Bug ID: JDK-8332969 Improve Parallel Full GC to break even with Serial Full GC sooner

Type: Enhancement
Component: hotspot
Sub-Component: gc
Affected Version: 23
Priority: P4
Status: New
Resolution: Unresolved
Submitted: 2024-05-27
Updated: 2024-05-27
Other
tbdUnresolved
On some workloads, Parallel Full GC is slower in single thread than a (naively equivalent) Serial GC. Parallel breaks even with Serial when given 2..3 threads after JDK-8329203, which pushed the break-even point quite low.
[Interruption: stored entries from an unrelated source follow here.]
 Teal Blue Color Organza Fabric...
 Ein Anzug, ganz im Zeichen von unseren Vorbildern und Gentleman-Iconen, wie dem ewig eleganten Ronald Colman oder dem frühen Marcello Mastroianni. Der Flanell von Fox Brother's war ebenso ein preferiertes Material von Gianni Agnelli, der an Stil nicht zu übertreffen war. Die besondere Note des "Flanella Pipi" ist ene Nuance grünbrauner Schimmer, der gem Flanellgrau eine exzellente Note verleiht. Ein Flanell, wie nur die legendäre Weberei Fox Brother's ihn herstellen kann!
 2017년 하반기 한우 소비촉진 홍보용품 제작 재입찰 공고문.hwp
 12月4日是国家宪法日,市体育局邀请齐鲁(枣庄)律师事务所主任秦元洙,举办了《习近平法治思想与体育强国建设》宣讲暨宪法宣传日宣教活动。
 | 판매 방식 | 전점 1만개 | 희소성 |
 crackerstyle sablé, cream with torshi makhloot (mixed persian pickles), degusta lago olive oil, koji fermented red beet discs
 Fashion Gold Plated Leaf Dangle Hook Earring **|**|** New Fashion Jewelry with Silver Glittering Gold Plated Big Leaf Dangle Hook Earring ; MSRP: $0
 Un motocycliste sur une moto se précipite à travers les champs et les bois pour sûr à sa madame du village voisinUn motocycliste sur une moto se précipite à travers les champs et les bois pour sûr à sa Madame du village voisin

It would be good to understand if the remaining issues are the intrinsic tradeoffs in Parallel GC implementation, and/or whether the break even point could be pushed lower. 
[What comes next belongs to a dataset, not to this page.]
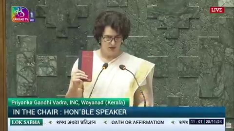 शपथ के दौरान वह हाथ में संविधान की कॉपी लिए रहीं। इस तरह उन्होंने संविधान वाले दांव को भी शपथ के साथ ही चलने की कोशिश की, जिस पर कांग्रेस समेत विपक्ष ने लोकसभा चुनाव के दौरान नैरेटिव तैयार किया था।
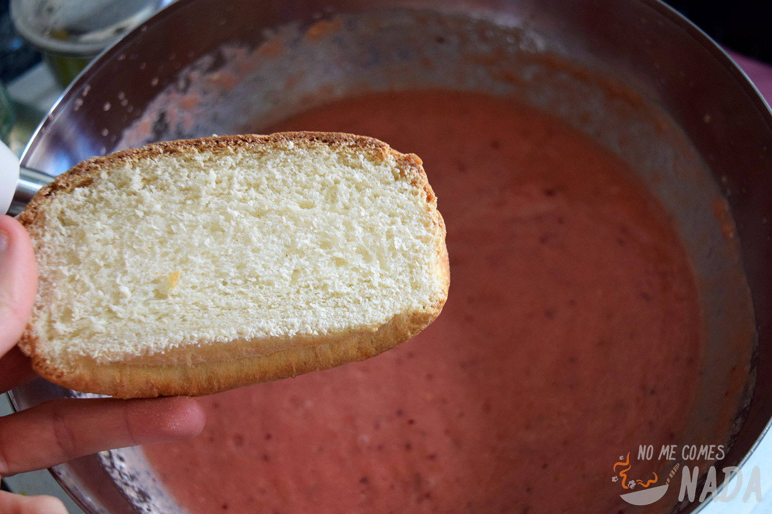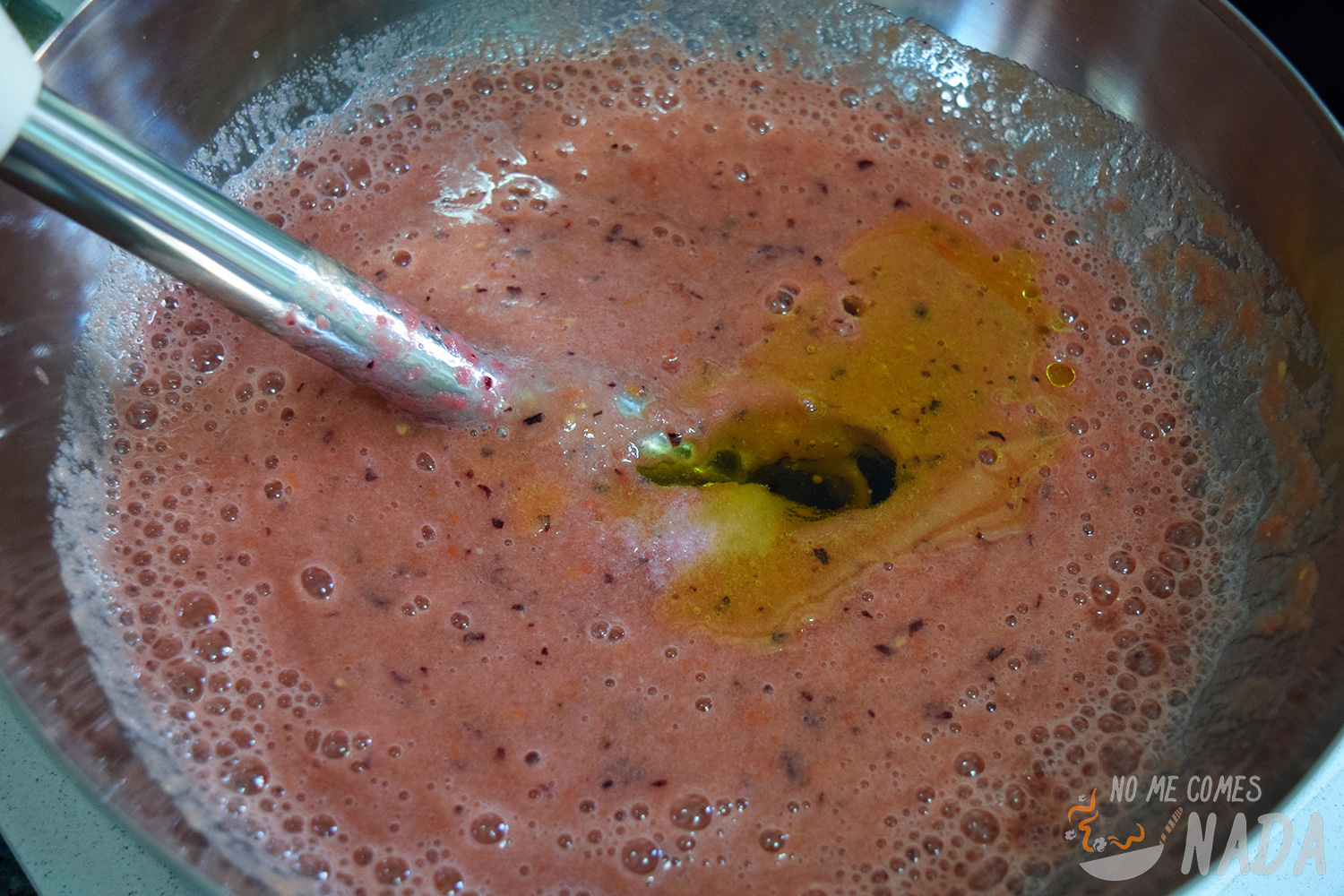 También comentaros que yo le puse un trozo de pan que tenía por la despensa (para aprovecharlo y que no se pusiese duro), por lo que me quedó un poco más textura de salmorejo.

This would simplify deployments, as users would not be forced to choose Serial over Parallel when there is only 1 CPU is available for the GC to run on.

Example workload:

```
% cat Fragger.java 
import java.util.concurrent.ThreadLocalRandom;

public class Fragger {
	static final int COUNT = 15_000_000;
	static final Object[] ARR = new Object[COUNT];

	public static void main(String... args) {
		for (int c = 0; c < COUNT; c++) {
			ARR[c] = new byte[16];
		}

		long end = System.nanoTime() + 30_000_000_000L;
		while (System.nanoTime() < end) {
			long nextGC = System.nanoTime() + 500_000_000L;
			while (System.nanoTime() < nextGC) {
  				int idxFull = ThreadLocalRandom.current().nextInt(COUNT);
				ARR[idxFull] = new byte[16];
			}
			System.gc();
		}
	}
}

% build/macosx-aarch64-server-release/images/jdk/bin/java  -Xmx4g -Xms4g -XX:+UseSerialGC -Xlog:gc Fragger.java
[24.901s][info][gc] GC(16) Pause Full (System.gc()) 790M->654M(3959M) 901.744ms
[26.374s][info][gc] GC(17) Pause Full (System.gc()) 1010M->654M(3959M) 972.383ms
[27.800s][info][gc] GC(18) Pause Full (System.gc()) 947M->654M(3959M) 925.915ms
[29.214s][info][gc] GC(19) Pause Full (System.gc()) 905M->518M(3959M) 914.314ms
[30.659s][info][gc] GC(20) Pause Full (System.gc()) 873M->654M(3959M) 943.951ms

% build/macosx-aarch64-server-release/images/jdk/bin/java  -Xmx4g -Xms4g  -XX:+UseParallelGC -XX:ParallelGCThreads=1 -Xlog:gc Fragger.java
[23.677s][info][gc] GC(11) Pause Full (System.gc()) 793M->518M(3925M) 1441.179ms
[25.616s][info][gc] GC(12) Pause Full (System.gc()) 793M->518M(3925M) 1438.795ms
[27.556s][info][gc] GC(13) Pause Full (System.gc()) 832M->518M(3925M) 1439.856ms
[29.512s][info][gc] GC(14) Pause Full (System.gc()) 891M->518M(3925M) 1455.564ms
[31.468s][info][gc] GC(15) Pause Full (System.gc()) 812M->518M(3925M) 1455.337ms
```

The collectors behave a bit differently, even with periodic Full GCs, so the difference might hide there as well. But, the difference is still present even in cycles that do similar amount of work, e.g. "905M->518M(3959M) 914.314ms" vs "891M->518M(3925M) 1455.564ms".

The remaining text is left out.